Segment Start: Source material

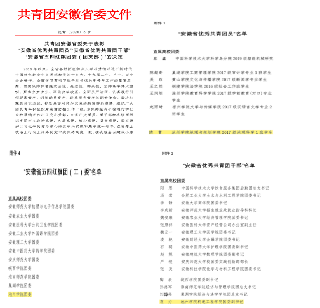 近日,共青团安徽省委下发了《共青团安徽省委关于表彰“安徽省优秀共青团员”“安徽省优秀共青团干部”“安徽省五四红旗团委(团支部)”的决定》(皖青〔2020〕6号)文件,best365官网团委荣获“安徽省五四红旗团委”荣誉称号,机电工程学院团委副书记袁力获“安徽省优秀共青团干部”荣誉称号,地理与规划学院2017级地理科学1班陈蕾获“安徽省优秀共青团员”荣誉称号。
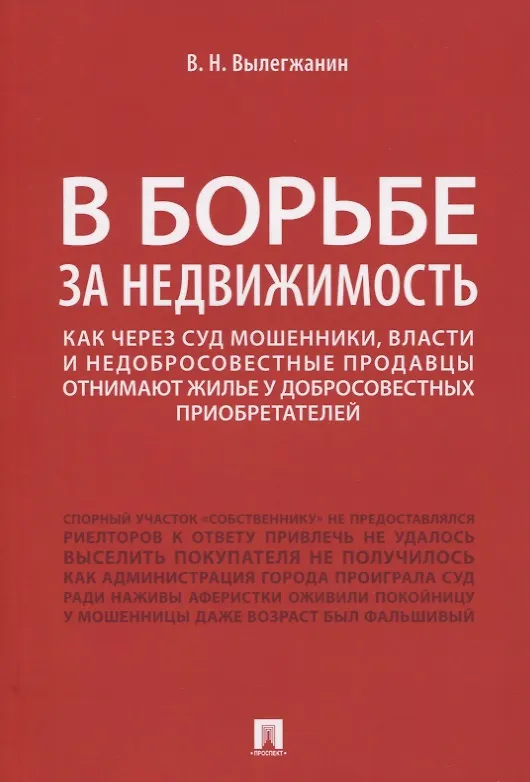 В данной книге рассказывается, по каким причинам возникают судебные тяжбы, как заканчиваются и почему очень часто купленная квартира от добросовестного приобретателя возвращается обратно к продавцу.
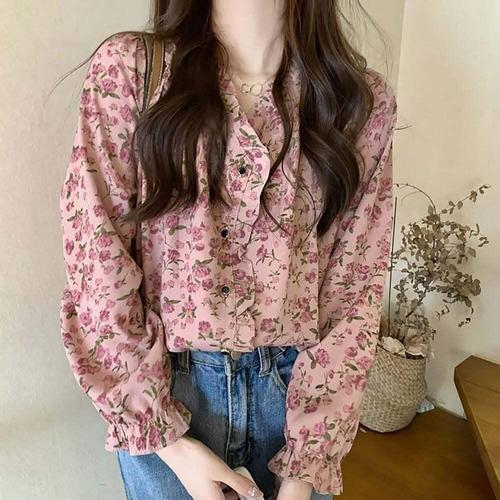 [셀럽하우스]여성 UPBL5039 플라워 블라우스 프릴 루즈핏 셔링 소매 봄 신상
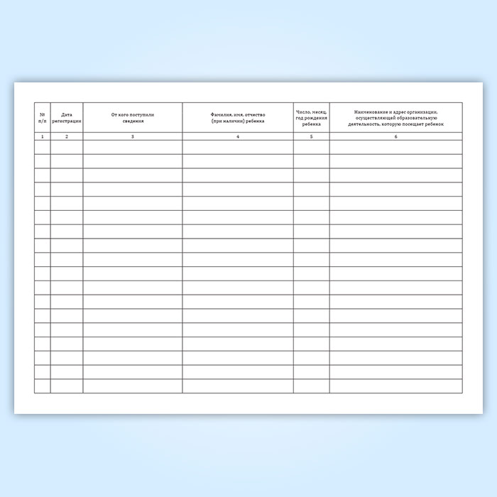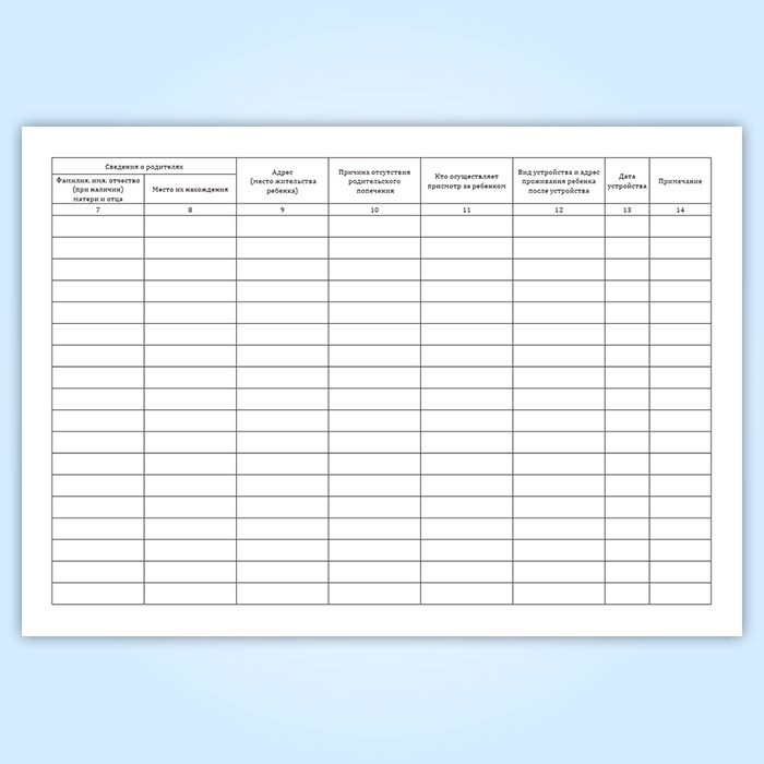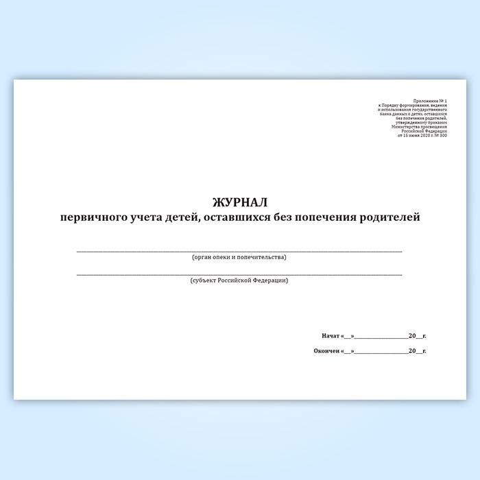 Форма журнала соответствует Приложению 1 к Приказу Минпросвещения России от 15.06.2020 N 300 " Об утверждении Порядка формирования, ведения и использования государственного банка данных о детях, оставшихся без попечения родителей"
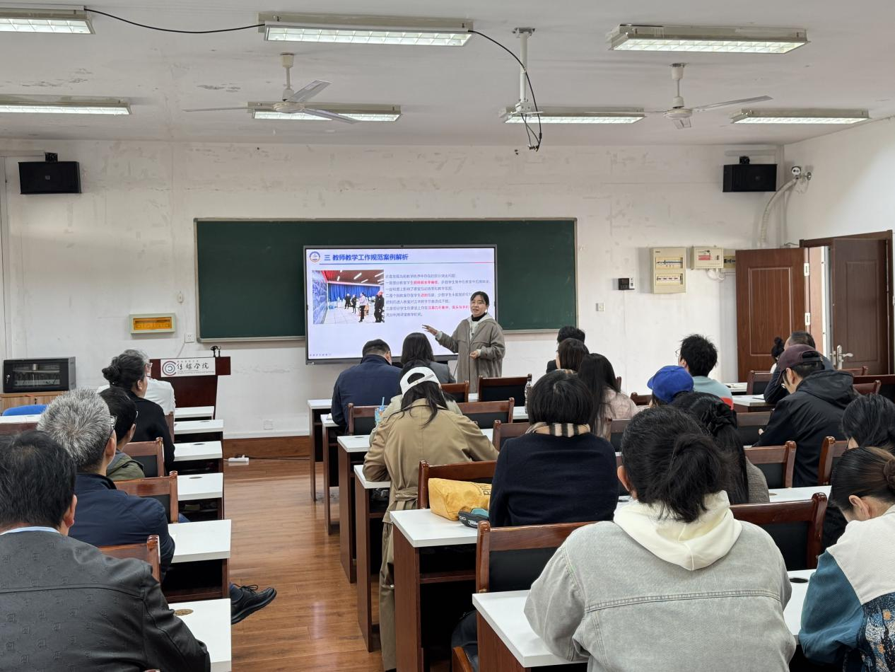 会上,孙洪广强调,教师工作是“良心活”,既要以钉钉子精神严格落实教学规范,守住教学事故防范底线,也要结合高等教育普及化发展趋势精准落实因材施教,加强与学生的深度互动交流,真正成为学生成长路上的良师益友。
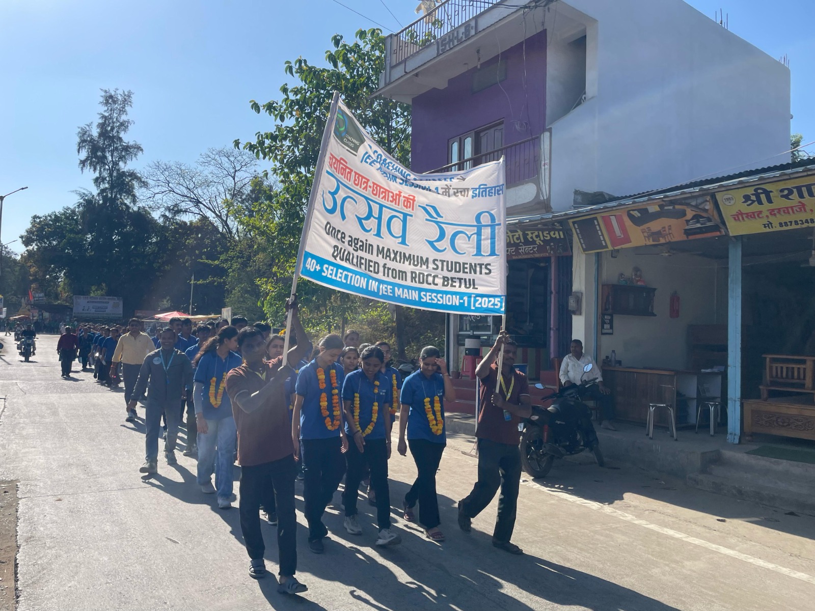 जेईई मेन्स सेशन-1 का रिजल्ट घोषित होने के बाद गुरूवार को आर.डी. कोचिंग क्लासेस द्वारा उत्कृष्ट सफलता का जश्न मनाया। ऐतिहासिक सफलता मिलने पर आर.डी.कोचिंग क्लासेस के 700 से अधिक विद्यार्थियों और शिक्षक-शिक्षिकाओं ने उत्सव रैली निकालकर खुशी मनाई। साथ ही सफल छात्र-छात्राओं को सम्मानित किया गया। आर.डी. कोचिंग क्लासेस बैतूल के जेईई मेन्स के उत्कृष्ट परीक्षा परिणाम आने पर गणमान्य नागरिकों, पालको ने सफल छात्र-छात्राओं सहित शिक्षक-शिक्षिकाओं और आर.डी. संस्थान की डायरेक्टर को शुभकामनाएं प्रेषित की है। कार्यक्रम में प्रमुख रूप से डायरेक्टर श्रीमती ऋतु खण्डेलवाल, कोचिंग क्लासेस सेंटर के प्रमुख एवं उप प्राचार्य भी मौजूद रहे।

Segment End: Source material

◆ **Problem description**
Restrict the output to the lines from the one with "Форма журнала соответствует" through the last line of the material above. Print them exactly, leaving out every picture.

◆ **Output of the task**
 Форма журнала соответствует Приложению 1 к Приказу Минпросвещения России от 15.06.2020 N 300 " Об утверждении Порядка формирования, ведения и использования государственного банка данных о детях, оставшихся без попечения родителей"
 会上,孙洪广强调,教师工作是“良心活”,既要以钉钉子精神严格落实教学规范,守住教学事故防范底线,也要结合高等教育普及化发展趋势精准落实因材施教,加强与学生的深度互动交流,真正成为学生成长路上的良师益友。
 जेईई मेन्स सेशन-1 का रिजल्ट घोषित होने के बाद गुरूवार को आर.डी. कोचिंग क्लासेस द्वारा उत्कृष्ट सफलता का जश्न मनाया। ऐतिहासिक सफलता मिलने पर आर.डी.कोचिंग क्लासेस के 700 से अधिक विद्यार्थियों और शिक्षक-शिक्षिकाओं ने उत्सव रैली निकालकर खुशी मनाई। साथ ही सफल छात्र-छात्राओं को सम्मानित किया गया। आर.डी. कोचिंग क्लासेस बैतूल के जेईई मेन्स के उत्कृष्ट परीक्षा परिणाम आने पर गणमान्य नागरिकों, पालको ने सफल छात्र-छात्राओं सहित शिक्षक-शिक्षिकाओं और आर.डी. संस्थान की डायरेक्टर को शुभकामनाएं प्रेषित की है। कार्यक्रम में प्रमुख रूप से डायरेक्टर श्रीमती ऋतु खण्डेलवाल, कोचिंग क्लासेस सेंटर के प्रमुख एवं उप प्राचार्य भी मौजूद रहे।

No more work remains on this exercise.